§ Task brief
Each entry that follows should be retyped in full and exactly.

§ Given entries
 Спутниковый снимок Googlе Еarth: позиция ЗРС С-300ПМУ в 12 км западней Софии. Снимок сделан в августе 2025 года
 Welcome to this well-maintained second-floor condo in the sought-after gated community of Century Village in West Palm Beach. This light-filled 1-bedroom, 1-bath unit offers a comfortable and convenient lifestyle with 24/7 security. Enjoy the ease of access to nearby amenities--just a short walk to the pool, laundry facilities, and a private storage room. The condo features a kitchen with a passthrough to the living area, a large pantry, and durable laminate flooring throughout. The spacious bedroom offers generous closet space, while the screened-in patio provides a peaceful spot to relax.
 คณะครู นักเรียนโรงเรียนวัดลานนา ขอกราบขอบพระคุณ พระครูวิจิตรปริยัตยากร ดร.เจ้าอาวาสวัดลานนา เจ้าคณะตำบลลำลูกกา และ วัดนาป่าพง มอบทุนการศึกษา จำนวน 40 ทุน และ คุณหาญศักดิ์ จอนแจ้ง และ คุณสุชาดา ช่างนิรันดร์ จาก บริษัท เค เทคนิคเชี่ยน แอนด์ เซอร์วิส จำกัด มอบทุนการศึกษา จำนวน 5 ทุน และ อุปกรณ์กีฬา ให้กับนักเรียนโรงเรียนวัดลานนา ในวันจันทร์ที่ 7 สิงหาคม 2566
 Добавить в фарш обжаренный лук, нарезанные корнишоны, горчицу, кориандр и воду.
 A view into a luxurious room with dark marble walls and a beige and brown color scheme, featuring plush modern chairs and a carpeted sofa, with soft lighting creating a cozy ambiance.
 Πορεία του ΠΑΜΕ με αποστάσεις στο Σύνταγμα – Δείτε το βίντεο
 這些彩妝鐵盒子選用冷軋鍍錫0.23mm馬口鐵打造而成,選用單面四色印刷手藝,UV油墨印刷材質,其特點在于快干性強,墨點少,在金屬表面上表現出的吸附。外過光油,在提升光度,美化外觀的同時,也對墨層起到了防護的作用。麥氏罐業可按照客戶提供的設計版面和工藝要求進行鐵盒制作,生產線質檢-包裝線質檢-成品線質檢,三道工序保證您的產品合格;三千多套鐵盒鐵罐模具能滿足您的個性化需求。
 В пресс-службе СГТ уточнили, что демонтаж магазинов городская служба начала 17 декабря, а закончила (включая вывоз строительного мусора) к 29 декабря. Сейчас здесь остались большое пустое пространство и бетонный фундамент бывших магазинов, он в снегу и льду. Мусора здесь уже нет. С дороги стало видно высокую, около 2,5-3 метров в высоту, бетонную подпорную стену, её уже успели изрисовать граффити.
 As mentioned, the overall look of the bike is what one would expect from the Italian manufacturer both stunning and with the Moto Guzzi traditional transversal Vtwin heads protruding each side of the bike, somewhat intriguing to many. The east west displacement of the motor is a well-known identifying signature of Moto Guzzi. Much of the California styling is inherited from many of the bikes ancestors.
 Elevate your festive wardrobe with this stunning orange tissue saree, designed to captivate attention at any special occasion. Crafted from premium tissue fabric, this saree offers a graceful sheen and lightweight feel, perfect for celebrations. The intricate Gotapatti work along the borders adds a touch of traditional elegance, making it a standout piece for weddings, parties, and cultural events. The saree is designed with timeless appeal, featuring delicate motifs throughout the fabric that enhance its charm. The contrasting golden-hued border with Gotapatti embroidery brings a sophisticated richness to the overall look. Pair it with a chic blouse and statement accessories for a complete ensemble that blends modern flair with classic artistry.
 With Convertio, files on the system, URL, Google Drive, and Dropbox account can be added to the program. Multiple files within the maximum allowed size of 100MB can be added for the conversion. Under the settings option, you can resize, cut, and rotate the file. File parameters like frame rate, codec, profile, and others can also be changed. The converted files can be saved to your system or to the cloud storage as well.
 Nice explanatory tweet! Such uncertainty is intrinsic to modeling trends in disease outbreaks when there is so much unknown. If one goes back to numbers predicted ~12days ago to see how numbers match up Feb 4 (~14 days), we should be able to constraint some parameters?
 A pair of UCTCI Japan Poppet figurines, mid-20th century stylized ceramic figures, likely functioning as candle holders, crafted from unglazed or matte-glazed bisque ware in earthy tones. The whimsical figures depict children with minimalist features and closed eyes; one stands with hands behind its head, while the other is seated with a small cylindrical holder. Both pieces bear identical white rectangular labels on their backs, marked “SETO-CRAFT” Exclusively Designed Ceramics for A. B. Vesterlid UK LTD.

§ Answer area
 Спутниковый снимок Googlе Еarth: позиция ЗРС С-300ПМУ в 12 км западней Софии. Снимок сделан в августе 2025 года
 Welcome to this well-maintained second-floor condo in the sought-after gated community of Century Village in West Palm Beach. This light-filled 1-bedroom, 1-bath unit offers a comfortable and convenient lifestyle with 24/7 security. Enjoy the ease of access to nearby amenities--just a short walk to the pool, laundry facilities, and a private storage room. The condo features a kitchen with a passthrough to the living area, a large pantry, and durable laminate flooring throughout. The spacious bedroom offers generous closet space, while the screened-in patio provides a peaceful spot to relax.
 คณะครู นักเรียนโรงเรียนวัดลานนา ขอกราบขอบพระคุณ พระครูวิจิตรปริยัตยากร ดร.เจ้าอาวาสวัดลานนา เจ้าคณะตำบลลำลูกกา และ วัดนาป่าพง มอบทุนการศึกษา จำนวน 40 ทุน และ คุณหาญศักดิ์ จอนแจ้ง และ คุณสุชาดา ช่างนิรันดร์ จาก บริษัท เค เทคนิคเชี่ยน แอนด์ เซอร์วิส จำกัด มอบทุนการศึกษา จำนวน 5 ทุน และ อุปกรณ์กีฬา ให้กับนักเรียนโรงเรียนวัดลานนา ในวันจันทร์ที่ 7 สิงหาคม 2566
 Добавить в фарш обжаренный лук, нарезанные корнишоны, горчицу, кориандр и воду.
 A view into a luxurious room with dark marble walls and a beige and brown color scheme, featuring plush modern chairs and a carpeted sofa, with soft lighting creating a cozy ambiance.
 Πορεία του ΠΑΜΕ με αποστάσεις στο Σύνταγμα – Δείτε το βίντεο
 這些彩妝鐵盒子選用冷軋鍍錫0.23mm馬口鐵打造而成,選用單面四色印刷手藝,UV油墨印刷材質,其特點在于快干性強,墨點少,在金屬表面上表現出的吸附。外過光油,在提升光度,美化外觀的同時,也對墨層起到了防護的作用。麥氏罐業可按照客戶提供的設計版面和工藝要求進行鐵盒制作,生產線質檢-包裝線質檢-成品線質檢,三道工序保證您的產品合格;三千多套鐵盒鐵罐模具能滿足您的個性化需求。
 В пресс-службе СГТ уточнили, что демонтаж магазинов городская служба начала 17 декабря, а закончила (включая вывоз строительного мусора) к 29 декабря. Сейчас здесь остались большое пустое пространство и бетонный фундамент бывших магазинов, он в снегу и льду. Мусора здесь уже нет. С дороги стало видно высокую, около 2,5-3 метров в высоту, бетонную подпорную стену, её уже успели изрисовать граффити.
 As mentioned, the overall look of the bike is what one would expect from the Italian manufacturer both stunning and with the Moto Guzzi traditional transversal Vtwin heads protruding each side of the bike, somewhat intriguing to many. The east west displacement of the motor is a well-known identifying signature of Moto Guzzi. Much of the California styling is inherited from many of the bikes ancestors.
 Elevate your festive wardrobe with this stunning orange tissue saree, designed to captivate attention at any special occasion. Crafted from premium tissue fabric, this saree offers a graceful sheen and lightweight feel, perfect for celebrations. The intricate Gotapatti work along the borders adds a touch of traditional elegance, making it a standout piece for weddings, parties, and cultural events. The saree is designed with timeless appeal, featuring delicate motifs throughout the fabric that enhance its charm. The contrasting golden-hued border with Gotapatti embroidery brings a sophisticated richness to the overall look. Pair it with a chic blouse and statement accessories for a complete ensemble that blends modern flair with classic artistry.
 With Convertio, files on the system, URL, Google Drive, and Dropbox account can be added to the program. Multiple files within the maximum allowed size of 100MB can be added for the conversion. Under the settings option, you can resize, cut, and rotate the file. File parameters like frame rate, codec, profile, and others can also be changed. The converted files can be saved to your system or to the cloud storage as well.
 Nice explanatory tweet! Such uncertainty is intrinsic to modeling trends in disease outbreaks when there is so much unknown. If one goes back to numbers predicted ~12days ago to see how numbers match up Feb 4 (~14 days), we should be able to constraint some parameters?
 A pair of UCTCI Japan Poppet figurines, mid-20th century stylized ceramic figures, likely functioning as candle holders, crafted from unglazed or matte-glazed bisque ware in earthy tones. The whimsical figures depict children with minimalist features and closed eyes; one stands with hands behind its head, while the other is seated with a small cylindrical holder. Both pieces bear identical white rectangular labels on their backs, marked “SETO-CRAFT” Exclusively Designed Ceramics for A. B. Vesterlid UK LTD.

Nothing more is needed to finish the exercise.